Web Content Discovery

Attacking a web application requires you to have an understanding of it’s attack surface, such as accessible URL’s and associated input fields. Performing this type of mapping is relatively simple, but failure to effectively map a target can result in vulnerabilities being missed.

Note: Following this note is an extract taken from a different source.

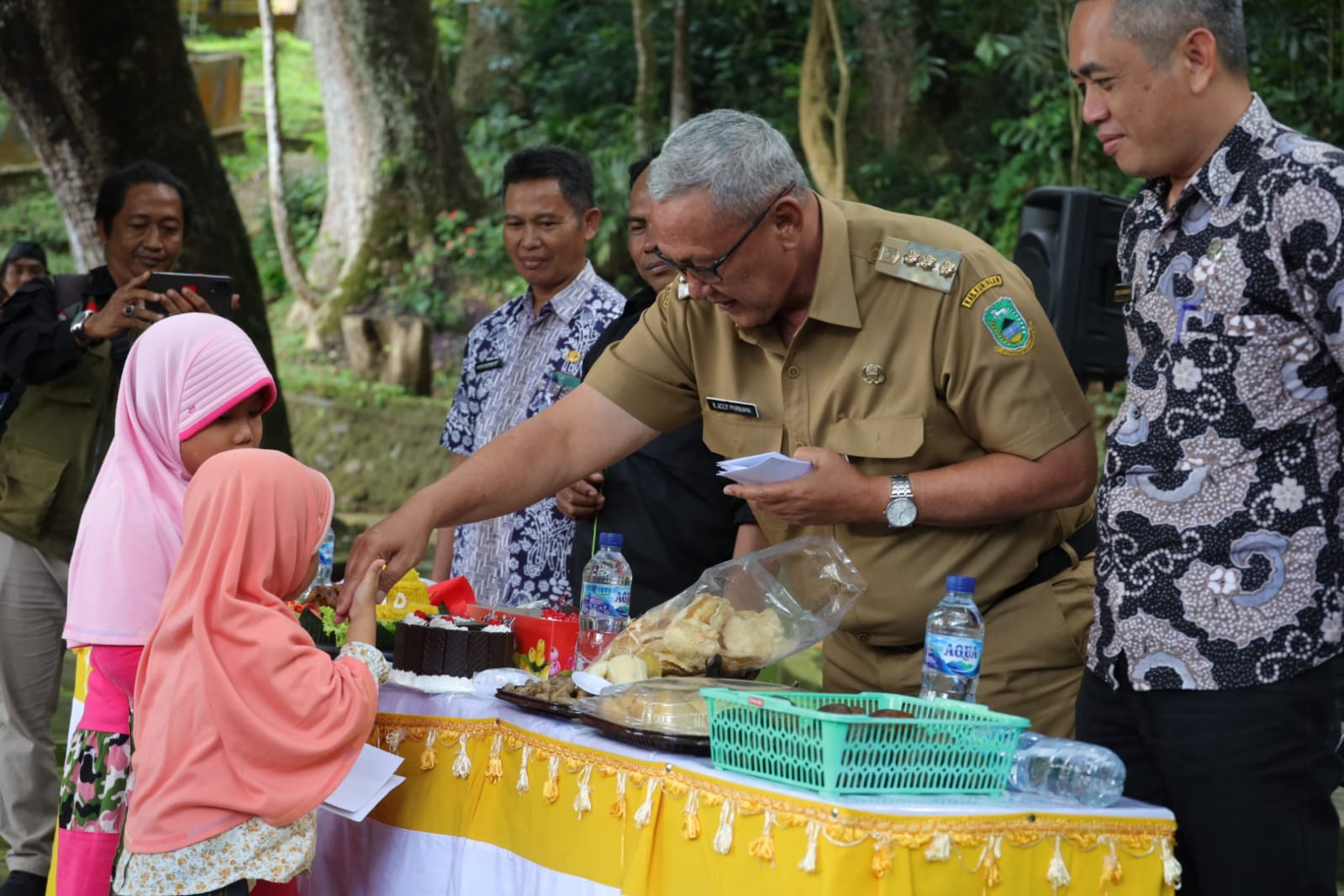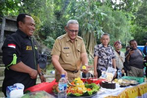 Pada kesempatan tersebut, selain santunan anak Yatim dalam rangka Milad Ke-1 BSK (Batur Sauyunan Kuningan) juga dilakukan pemotongan nasi tumpeng oleh Bupati Acep Purnama secara simbolis. (Bid IKP/Diskominfo).

It’s important to note that you may want to repeat some of these steps as newer information becomes available.

Determining Virtual Hosts

Most web servers support virtual hosting, where a single IP address serves multiple different websites. To configure this in Apache, just add a configuration site to sites-available and activate it with a2ensite;

┌──(root㉿kali)-[/etc/apache2/sites-available]
└─# cat /etc/apache2/sites-available/dev.bordergate.co.uk.conf
<VirtualHost *:80>
    ServerAdmin test@test.com
    ServerName dev.bordergate.co.uk
    ServerAlias www.dev.bordergate.co.uk
    DocumentRoot /var/www/dev.bordergate.co.uk/public_html
    <Directory /var/www/dev.bordergate.co.uk/public_html>
        Options Indexes FollowSymLinks
        AllowOverride All
        Require all granted
    </Directory>
    ErrorLog ${APACHE_LOG_DIR}/error.log
    CustomLog ${APACHE_LOG_DIR}/access.log combined
    <IfModule mod_dir.c>
        DirectoryIndex index.html index.php
    </IfModule>
</VirtualHost>

┌──(root㉿kali)-[/etc/apache2/sites-available]
└─# sudo a2ensite dev.bordergate.co.uk

The web server knows which website to send a user to by looking at the host header in a HTTP request;

GET / HTTP/1.1
Host: dev.bordergate.co.uk
User-Agent: Mozilla/5.0 (X11; Linux x86_64; rv:102.0) Gecko/20100101 Firefox/102.0
Accept: text/html,application/xhtml+xml,application/xml;q=0.9,image/avif,image/webp,*/*;q=0.8
Accept-Language: en-US,en;q=0.5
Accept-Encoding: gzip, deflate
Connection: close
Upgrade-Insecure-Requests: 1

We can use ffuf to brute-force the host header and identify the sub domain we just configured. In this instance, we’re filtering any responses of size 10701, since this is the size of the servers default response. ffuf can also be supplied the “-ac” flag to attempt to auto calibrate it’s response filtering.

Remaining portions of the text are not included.